You can change the default styling of the labels by first suppressing
the automatic drawing of labels with .draw_label = FALSE
in
taxatree_plotkey()
and then adding your own custom-style
labels with taxatree_plot_labels()
. Here we will draw some
yellow labels.
taxatree_plotkey(
data = lm_stats, .draw_label = FALSE,
rank %in% c("Phylum", "Family") & !grepl("Bacteria", taxon),
prevalence > 0.2 | rank == "Phylum"
) %>%
taxatree_plot_labels(
taxon_renamer = function(x) stringr::str_remove(x, "[PFGO]: "),
# default fun is ggrepel::geom_text_repel
fun = ggrepel::geom_label_repel,
# arguments modifying label style
size = 2.5, alpha = 0.5, colour = "black", fill = "gold1",
label.size = 0.05, label.r = unit(0.05, "lines"),
label.padding = unit(0.15, "lines"), segment.size = 0.5,
# arguments affecting label positioning
box.padding = 0.05, x_nudge = 0.4, y_nudge = 0.05,
hjust = 0.5, seed = 123
)
You can directly label taxatree_plots too, but it is better to only
do this for a few taxa.

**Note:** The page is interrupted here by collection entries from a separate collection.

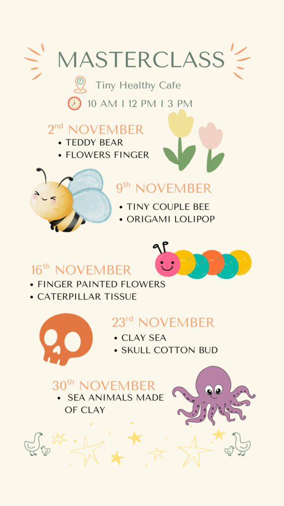 Looking for the best kids activities in November? Tiny Healthy Cafe is hosting a fantastic lineup of creative Masterclasses and delicious Cooking Classes every weekend! Located right here at Tiny Healthy Cafe, we provide a fun, engaging, and healthy environment for your little ones to learn, create, and make new friends.
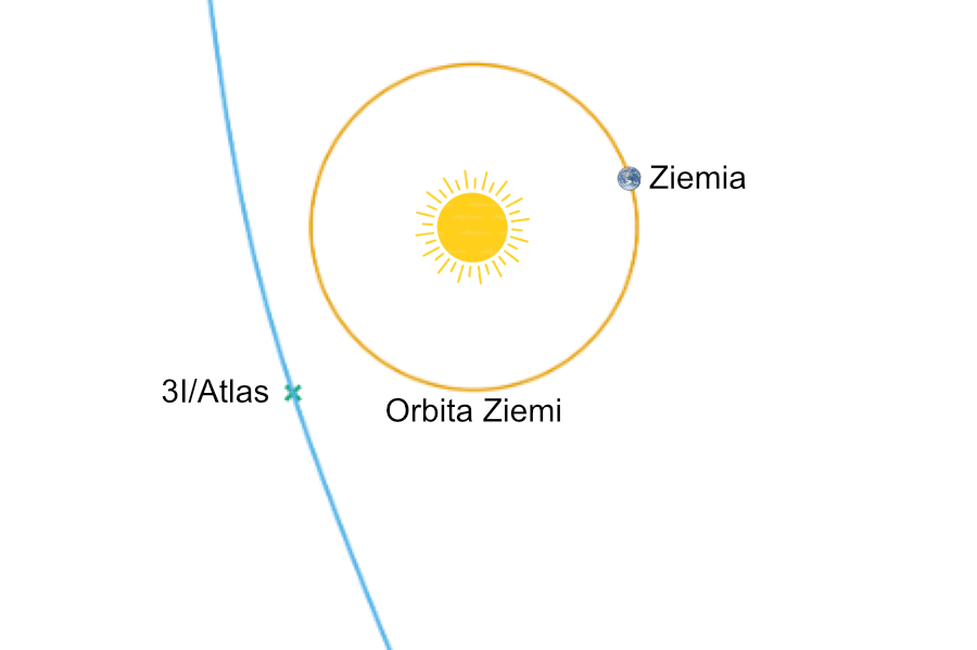 Trajektoria i położenie 3I/Atlas przed największym zbliżeniem do Słońca
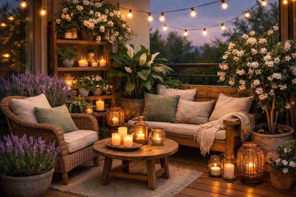 Use móveis de madeira ou vime, almofadas confortáveis e iluminação suave com velas ou luzes de fio. Inclua plantas como lavanda, lírio-da-paz e jasmim para criar um ambiente relaxante e perfumado.
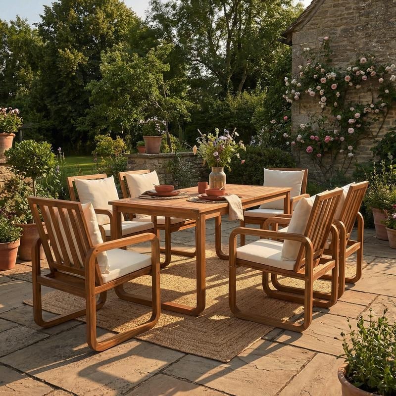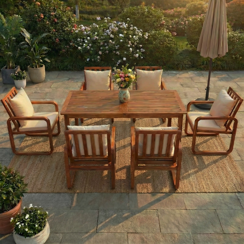 7 Pieces Acacia Wood Patio Dining Set with Removable Cushions for Outdoor Gatherings
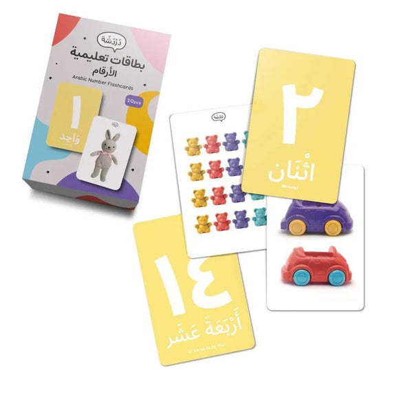 Elevate your child's numeracy skills with these flashcards that include Arabic numbers 1-20! Each card showcases the numeral, its Arabic name, the English transliteration, and objects to count, creating a fun and effective learning experience.
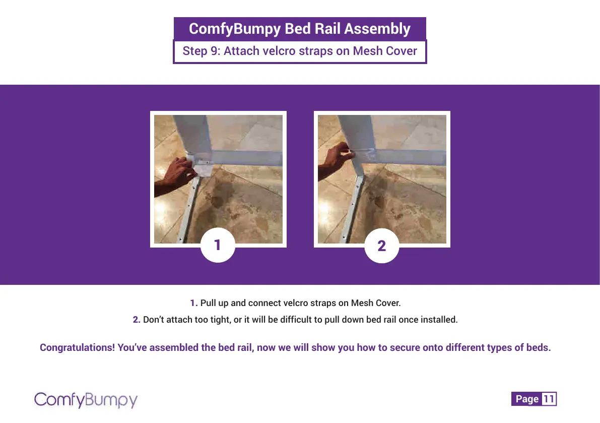 Congratulations! You’ve assembled the bed rail, now we will show you how to secure onto different types of beds.
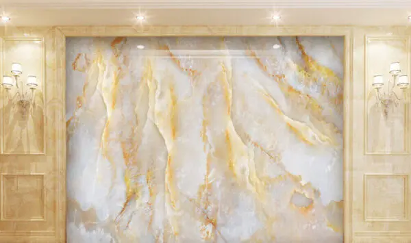 Fototapeta Zelené listy na geometrickém mramorovém vzoru

You must run taxatree_label()
first
to create a “label” indicator variable.
lm_stats %>%
taxatree_label(
rank == "Genus", p.value < 0.05 | prevalence > 0.5, estimate > 0
) %>%
taxatree_plots() %>%
.[[1]] %>% # show only the first plot
taxatree_plot_labels(
taxon_renamer = function(x) stringr::str_remove(x, "G: "),
fun = ggrepel::geom_label_repel, x_nudge = 0.7, hjust = 0.5, size = 2
)
Choosing another color palette is easy, just name any diverging palette from colorspace hcl diverging palettes. See your options below.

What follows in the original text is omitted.